Emancipation: The Unfinished Project of Liberation, a new exhibition at the Amon Carter Museum of American Art in Fort Worth, Texas, highlights seven artists’ works of Black freedom, agency and the legacy of the Civil War through a modern lens. Commemorating the 160th anniversary of the Emancipation Proclamation through sculpture, photography and paper and textile fabrications, the instillations react to the legacy of John Quincy Adams Ward’s 1863 bronze sculpture The Freedman from the Carter collection. Co-organized with the Williams College Museum of Art (WCMA), the exhibition seeks a deeper understanding of what freedom looks like for Black Americans 160 years later and demonstrates how historical art collections can be a resource and inspiration for contemporary artistic practices.

Here, three of the exhibition's artists share the meaning behind their works.

Alfred Conteh is a painter and sculptor who explores his identity and personal history from a number of different perspectives.
Float, Alfred Conteh, 2022. Image: courtest Alfred Conteh.
Float, Alfred Conteh, 2022. Image: courtesy Alfred Conteh.

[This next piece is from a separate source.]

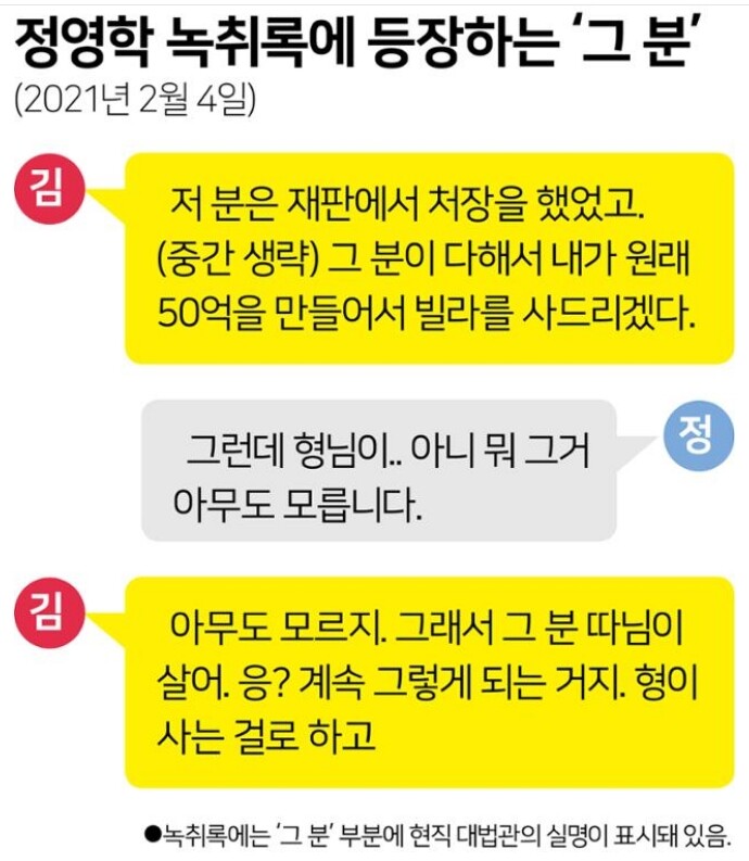한국일보 보도에 의하면 2021년 2월 4일 "김만배·정영학 녹취록을 입수하였고 분석" 한 결과, 두 사람이 '그분'을 언급하며 주고받는 부분이 나온다고 한다. 그 부분은 경기 성남시에서 정영학(54)회계사를 만난 화천대유 대주주 김만배(56)씨가 A대법관을 입에 올리며 한 말이며, 김씨는 A대법관 자녀가 김씨의 도움으로 "특정 주거지에 거주하는 듯한 발언" 을 이어갔다.
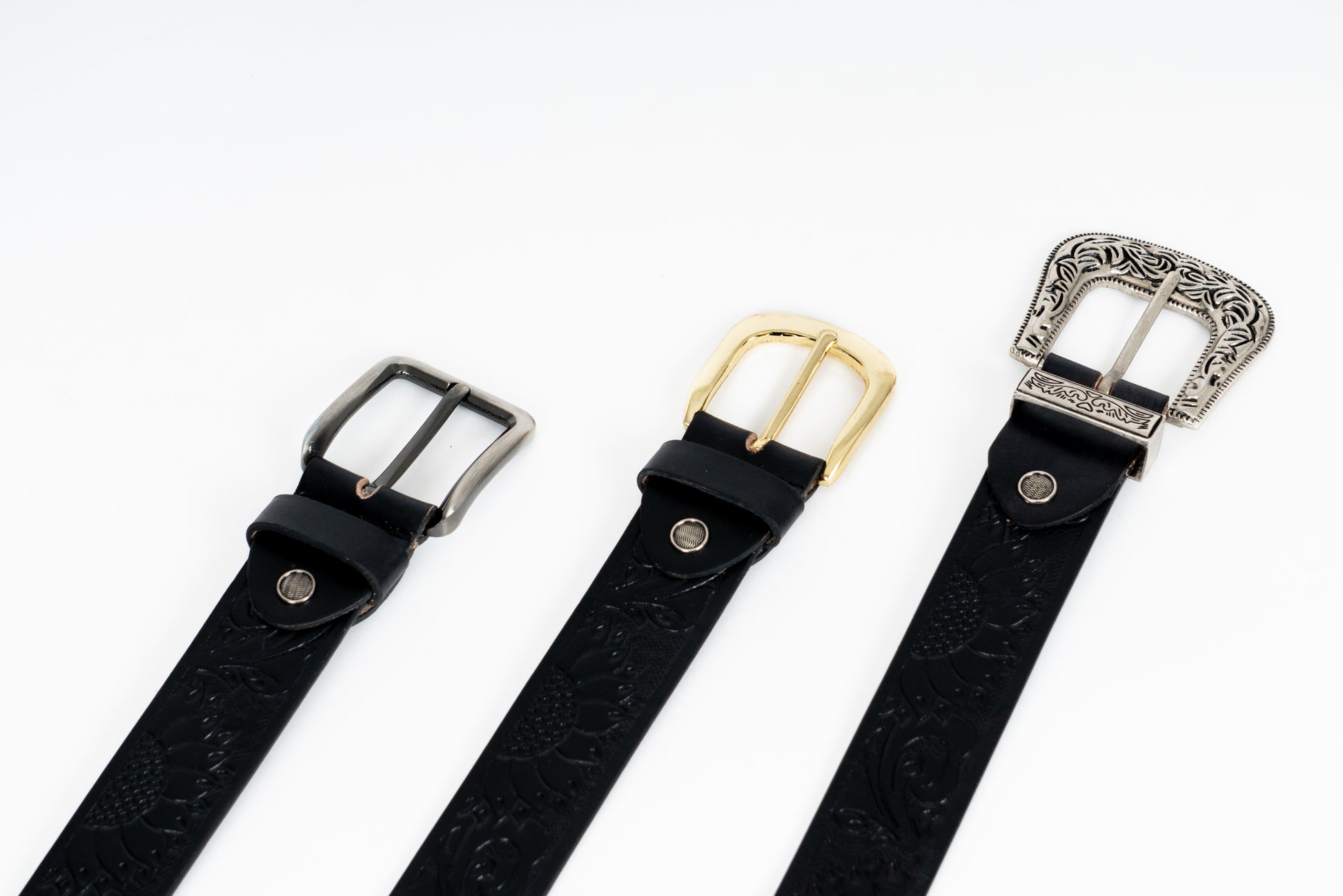 Black Sunflower Leather Belt – Hand-Tooled & Custom Made

Alfred Conteh: My work in this exhibition symbolically depicts the foundations that would ideally undergird Black life in America; family, protection and commerce. Post-emancipation, this nation promised to redress what was done to slaves and grant them most of the same foundational rights and protections as the majority of its citizens. Not only has that promise remained largely unfulfilled, but many of this nation's aforementioned laws and rights have been weaponized against us.

Letitia Huckaby concentrates on impassioned contemporary art focusing on personal expression, history and culture as a time capsule for the African American experience.
The Clotilda, Letitia Huckaby, 2022. Image: courtesy of the artist.
The Clotilda, Letitia Huckaby, 2022. Image: courtesy of the Letitia Huckaby.

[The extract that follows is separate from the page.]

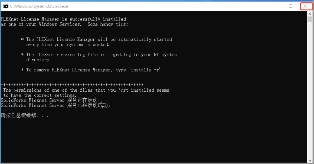 -启动服务程序:进入 C 盘的【SolidWorks_Flexnet_Server】文件夹,右键以管理员身份运行【server_install】程序。看到服务启动成功提示后,点击窗口右上角 “X” 关闭。
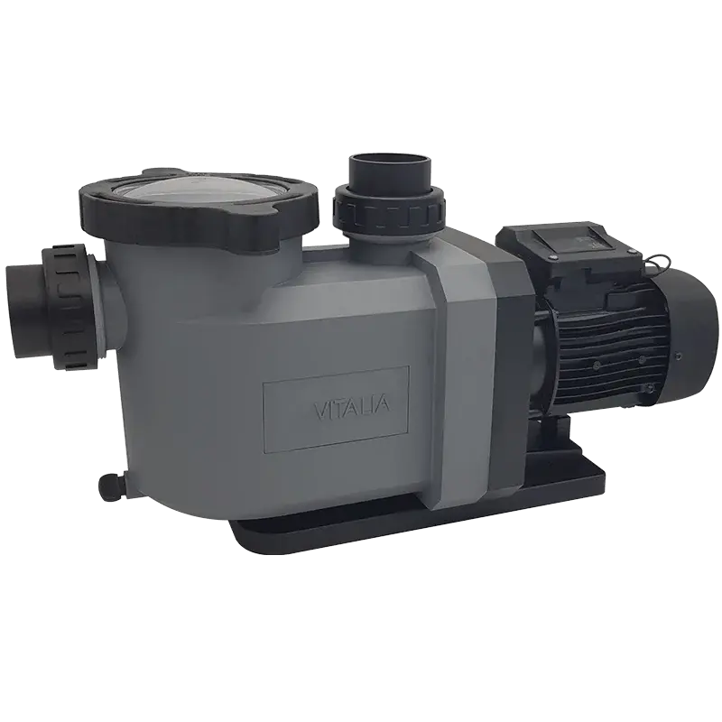 Denna modell av VITALIA COMFORT är en kraftfull, kompakt och tyst enfaspump med en flödeskapacitet på upp till 9 m³/h, perfekt för mindre och medelstora pooler. Tillverkad i tåligt material som klarar både saltvatten och poolkemikalier.

Letitia Huckaby: My two projects focus on the legacy of emancipation within contemporary African-American communities. The first, A Tale of Two Greenwoods, documents two different residential blocks in different states—the Greenwood neighborhood of Tulsa, Oklahoma, and Greenwood, Mississippi—to visually frame home and connectedness. The other, Bitter Waters Sweet explores the legacy of Africatown, a historic community near Mobile, Alabama, founded by a group of West Africans who were illegally trafficked as slaves to the United States in 1860 on the Clotilda. I use photographs printed on cotton fabric to bring together the history and legacy of Africatown, its founders and their descendants. My experience in Africatown is that the people were giving and strong and imbued everything with their history and culture.

Jeffrey Meris is a multimedia artist working across sculpture, installation, performance and drawing that examines personal experiences, heals personal wounds and addresses historical context.

The Block is Hot, Jeffrey Meris, 2022. Image: courtesy of Jeffrey Meris.

Jeffrey Meris: I am exhibiting The Block is Hot: the Resurrection, A still tongue keeps a wise head, and I, Used to Be XVI, XVII, XVIII for Emancipation. These kinetic sculptures and drawings deal with the body and specifically with the violence of the white gaze on Black subjectivity. The casts which are replicas of my body act as containers for racially charged information. Through their self-destruction, the works liberate themselves from mythologies around Blackness.

Emancipation will be on view at the Carter through July 9, 2023, before traveling to Newcomb Art Museum of Tulane University, WCMA and Telfair Museums.